What is the blastocyst and when does it form?

  • around day 5
  • a hollow ball of cells formed from morula 




What is the inner cell mass?

  • cluster of cells inside blastocyst 
  • cells that will eventually form body of embryo
  • not yet specialized; phenoenal ability to differentiate 




What is (normal and abnormal) implantation and when does it occur?

  • day 6
  • when blastocyst implants into endometrial layer in lateral or posterior uterine wall (normally)
  • (abnormally) - implants outside of uterus
    • "ectopic" or "extra-uterine" pregnancy
    • 95% implant in ampullary region of uterine tube
    • 5% implant in abdominal cavity, specifically attach to peritoneum in rectouterine cavity 


What is a teratogen?



Any substance that causes birth defects.


What is an example of a teratogen that caused phocomelia?

Thylidamide that was used to treat morning sickness.


What are the two periods and timeframes of development?

Fertilization and gestational


How many weeks is a full term child considered in the context of the Fertilization timeline?

38 weeks, begins at conception, Embryology is taught using days "postfertilization". Thus pregnancy is concidered 38 weeks.


How many weeks is a full term child considered in the timeframe Gestational?

40 weeks, begains two weeks earlier at the begining of last menstrual period.


Define Trophoblast

Differentiates into 2 layers; the cytotrophoblast and the syncytiotrophoblast during the second week.


What two layers does the embryoblast form?

Epiblast and hypoblast


What 2 layers does the extraembryonic mesoderm split into?

The somatic and splanchnic layers


Which layer produces hCG?

Produced by the syncytiotrophoblast.


What two cavities are large during the first 2 weeks but completely disapper by the 3rd month?

Chorionic cavity and the yolk sac cavity.

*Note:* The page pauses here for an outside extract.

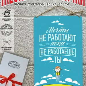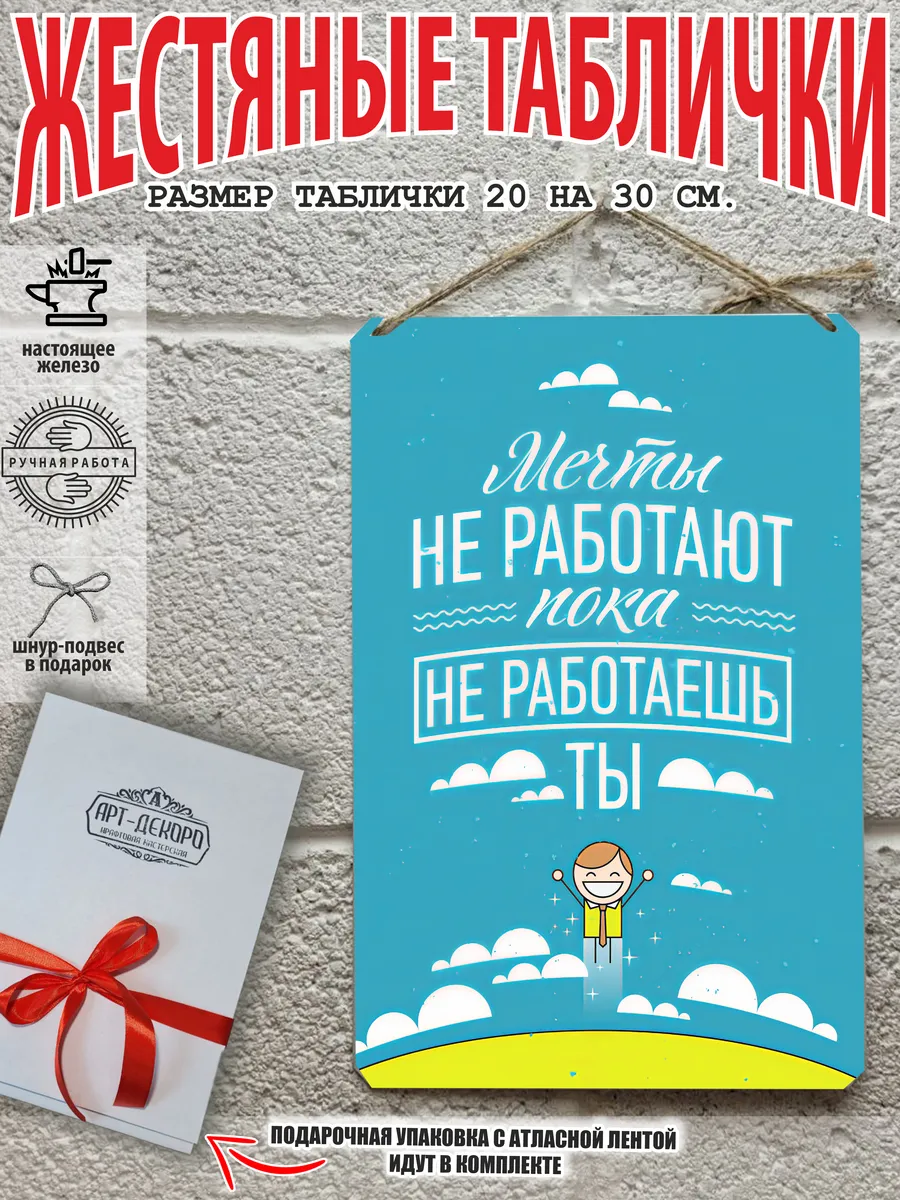 Обратите внимание! У нас все таблички идут сериями, можно создать отличную композицию в одном стиле. Кроме того, таблички это стильный и недорогой подарок по любому поводу. Прикольные штуки железная табличка картинки мотиваторы позитивные и демотиваторы из 100% металла от нашего бренда будет прекрасным украшением для квартиры, дома, офиса, бара или кафе. Мотивация это прикол, часть нашей жизни, картина мотиватор всегда улучшает настроение. Сочетая в себе эстетику и прочность, декоративная металлические мотивационные карточки являются непременным элементом декора как для внутренних помещений, так и для уличных зон. Выберите из нашего широкого ассортимента аксессуар, который подойдет именно вам. Жестяная табличка Арт-Декоро крепится на саморезы, шурупы или на специальный шнур из натурального джута который идет в комплекте с каждым заказом как бесплатный подарок, что позволяет разнообразить способы использования. Плакаты с приколами можно повесить на стену в гостиной, спальне, кухне или на улице, чтобы создать атмосферу, которая отражает индивидуальность. Таблички можно мыть, они не выцветают долгие годы. Картина открытки постер плакат стикеры наклейки приколы мотивация все это сочетается в наших изделиях. Мы гордимся тем, что каждое изделие изготовлено из настоящего металла, краска наносится прямо на железо. Это гарантирует ее долговечность и надежность. Красивая и изысканная отделка обеспечивает эффектный внешний вид и придает обстановке особое очарование. Подарите возможность добавить изюминку в интерьер и превратите пространство в уникальное, а также уютное место, которое будет отличаться от всех остальных. В нашем магазине Вы найдёте большой выбор декора интерьера и создадите превосходную обстановку.

When and what is Gastrulation?

Occurs during the thrid week.

Gastrulation converts the bilaminar embryo into trilaminar embryo.

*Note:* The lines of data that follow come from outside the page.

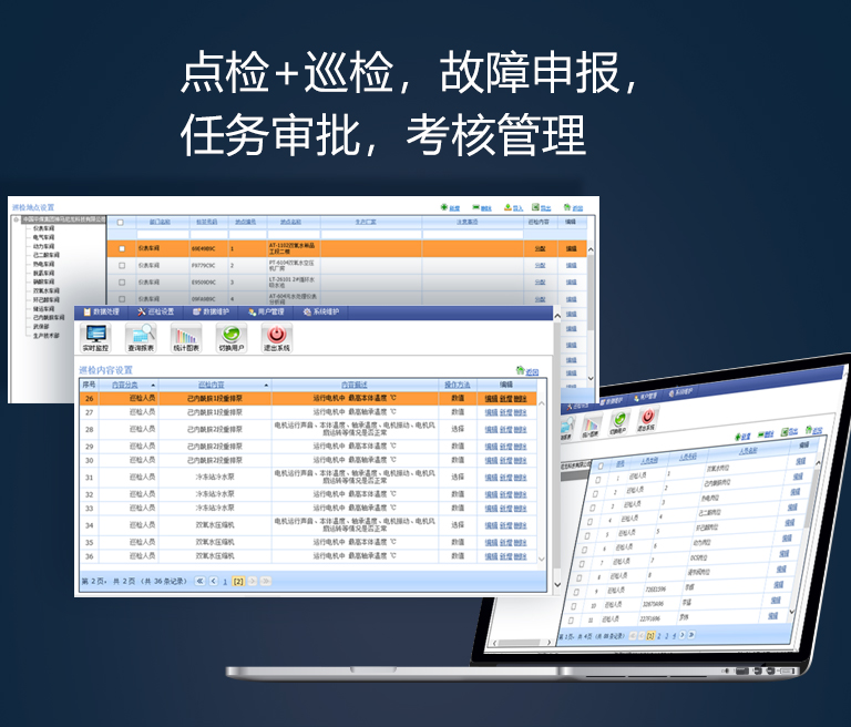点检+巡检,故障申报,任务审批,考核管理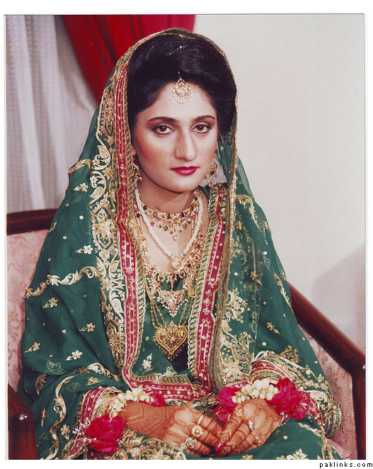 She’s wearing a farshi pajama, which was traditional in North India…based on the way it’s cut, I would guess her family is originally from Rampur. Her jewelry also looks Rampuri rather than Hyderabadi. I suspect the bride is some relative of the nawab’s family.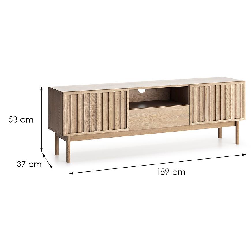 Safka RTV pod telewizor z kolekcji Saori. Dostępna w dekorze cremona w matowym wykończeniu, wykonana z płyty wiórowej laminowanej. Szafka dwudrzwiowa z jedna szufladą, drzwi uchylne.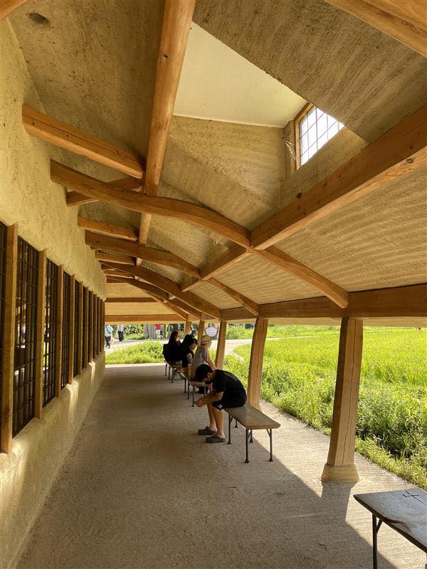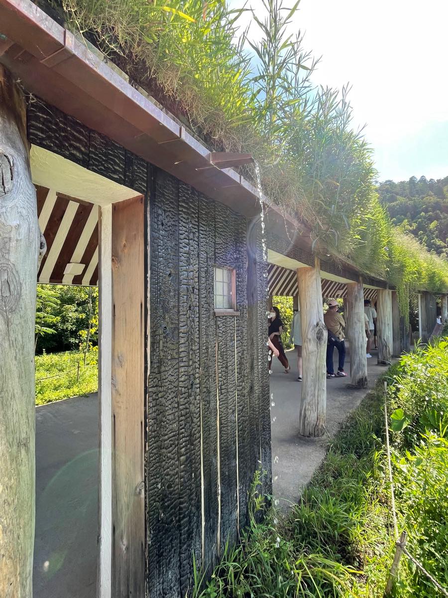 土壁や焼杉といった素材、深い軒先、太い柱など、土着的でどこか懐かしさを感じさせる建築が特徴的でした。

What is Holoprosencephaly?

-Injury to the anterior midline of germ disc.

-Cyclops (one eye)

-High doses of alcohol or genetics.


What is Caudal dysgenesis?

Injury to the caudal aspect of the germ disc.

Mermaid/fused legs

-Genetics and environmental insults largest causes.


What is Sacrococcygeal tumors?

Remnant of the primitive streak.


How do conjoined twins normally occur?

Splitting of the primitive node


What three germ layers form the adult tissues?

Ectoderm, Mesoderm, and Endoderm


What does the Ectoderm form?

Neural system, skin, appendages that relate to external environment.


What does the mesoderm later form?

Musculoskeletal tissue, genitourinary system, body wall and membranes that line cavities.


What does endoderm later form?

Foregut, midgut and hindgut, GI tract, and appendages (liver, pancreas), respiratory tract, bladder.


Dizygotic (fraternal twins)

2/3 of twins

Result from two oocytes fertilized by differnet spermatozoa

Totally differnet genetic constitutions

May be same or opposite sex


Monozygotic twins (identical)

Result from splitting of the zygote at various stages of development.

Can happen prior to implantation

Often the inner cell mass (blastocyst stage) splits

Will be same sex and have same genetic constitution.


Conjoined twins

-At later stages of development, partial splitting of the primitive node and streak may result in formation of conjoined twins.

-The type of twins formed depends on when and to what extendt abnormalities of the node and streak occur.


Define the placenta

The placenta is an organ that connects the developing being to the uterine wall to allow nutrient uptake, waste elimination, and gas exchange via the mothers blodd supply.


Do the blood types of the mother and child mix?

The blood supplies of the mother and embryo do not mix.

Blood types may not be compatible

Mothers blood pressure might damage embryo


Define the Umbilical Cord

Connects the embryo with the placenta

Takes blood from the embryo to the placenta and back again. Cut at birth to separate the mother and baby.


Define embryology

The branch of biology and medicine concerned with the study of embryos and their development.


Define Embryogenesis

The process by which the embryo is formed and develops, until it develops into a fetus.